The eight DVDs’ worth of scenery files have been installed, the joystick has been configured, and the cat has been fed. The moment has come.

Excitedly, I type the name of my local aerodrome into X-Plane 10’s search box and press ‘GO TO THIS AIRPORT’. A minute or two passes, then one of the dullest splash screens I’ve ever seen dissolves to reveal...

Hmm.

Lifting the camera high above the high wing of a handsome US Army Stinson L-5, I see hills draped with field textures stretching to a distant horizon. What I don’t see is a single 3D tree or building. I check the scenery settings. As I thought: ‘airport detail’ is notched at ‘totally insane’, ‘number of objects’ at ‘tons’. In vanilla FSX this bucolic Hampshire strip looked like it was situated in a wooded corner of Tuscany. X-Plane makes it look like it’s in the middle of a deserted Hebridean isle. I think I prefer the Tuscany version.



Then again, in FSX I don’t remember the hill fort on the southern edge of the airfield looking quite so hilly, or the downland ridge to the east looking nearly so pronounced. Perhaps those hours of scenery installation were worth it after all. Let’s see what the land looks like from the air.

As the Stinson bumps along the undulating turf and hauls itself into a breezy summer sky, I spot something I’ve never seen in any iteration of Flight Simulator – the little B-road that runs along the northern perimeter of the field. I begin to follow the tarmac squiggle. An hour later I land back where I started with a quite different opinion of the sim’s scenic strength.

While Laminar Research’s new autogen scenery system leaves large tracts of the globe balder than a baboon’s bum, makes central London look like suburban Los Angeles, and occasionally puts bridges and electricity pylons where bridges and electricity pylons have no business to be, its utilisation of detailed highway data and fine elevation mesh means low-level ‘VFR’ navigation is actually a far more practical prospect than it is in an unaugmented install of FSX. You won’t see your house in X-Plane 10 – you might not even see your village or suburb – but there’s a very good chance you will see your road, avenue, close, or lane.



That Austin Meyer and chums haven’t found the time to add hangars and towers to every tin-pot airfield isn’t a great surprise. What is a little disappointing is that the sim’s representation of major airports and capitals is still far below the FSX benchmark. Weary passengers stepping out of their Jumbos at JFK, Heathrow, or Charles de Gaulle will find tracts of bare concrete where terminals should be.
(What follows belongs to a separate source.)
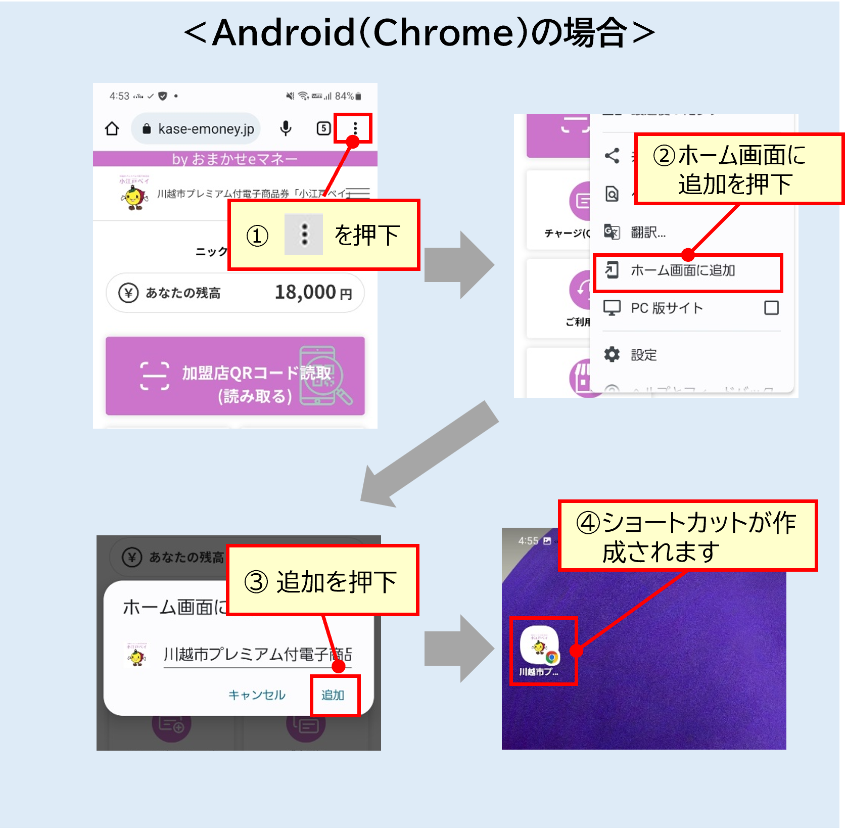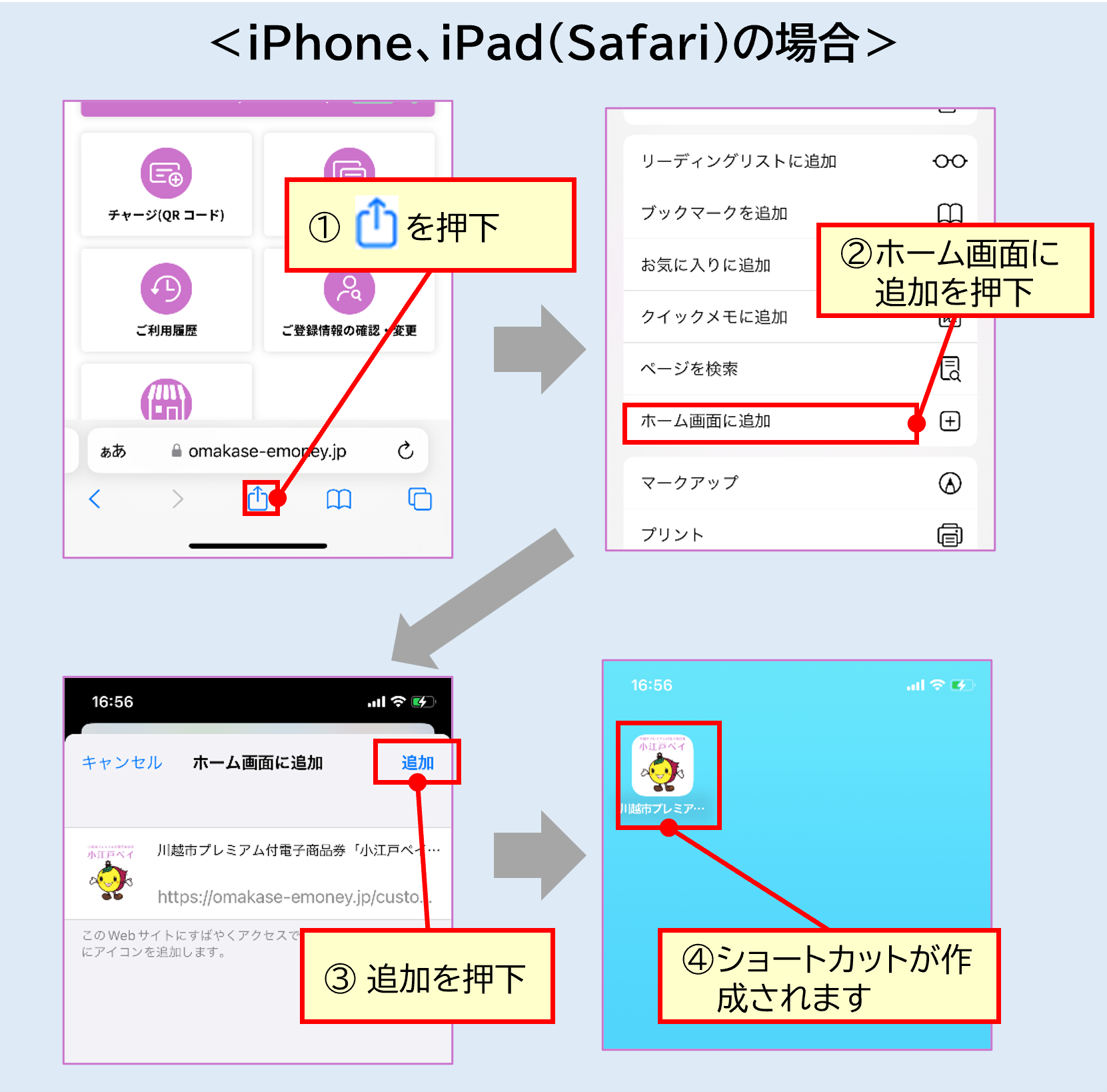 ホーム画面にショートカットを作成することで、次回以降簡単にトップ画面に戻ることができます。

I know I can pop along to x-plane.org and download decent user-made solutions, but the new autogen code really should have been savvy enough to slap down some generic structures as a stopgap.

Oh well, at least the invisible control towers have invisible air traffic controllers inside them at long last. After the scenery and graphics progress, this edition’s most substantive improvements are its AI traffic and interactive ATC. In the past, X-Planing offline was a dashed lonely business. The closest you came to interaction was accidentally mincing a migrating goose with your prop or turbofan. In X-Plane 10 you can wave at passing planes (though there are never more than a handful of these aloft at any one time) and exchange pleasantries with several different types of tin pusher.

I say ‘exchange pleasantries’... The text-based ATC menu only lets you file IFR flight-plans and request clearances. It’s a more realistic treatment than Microsoft’s (you must manually tune radios at each stage of a journey which means consulting maps and fiddling with small dials). It’s also a little less reliable. Controllers will occasionally lapse into sulky silences or infuriating repetition. At times you’ll be told to taxi in circles or trundle through waiting aircraft.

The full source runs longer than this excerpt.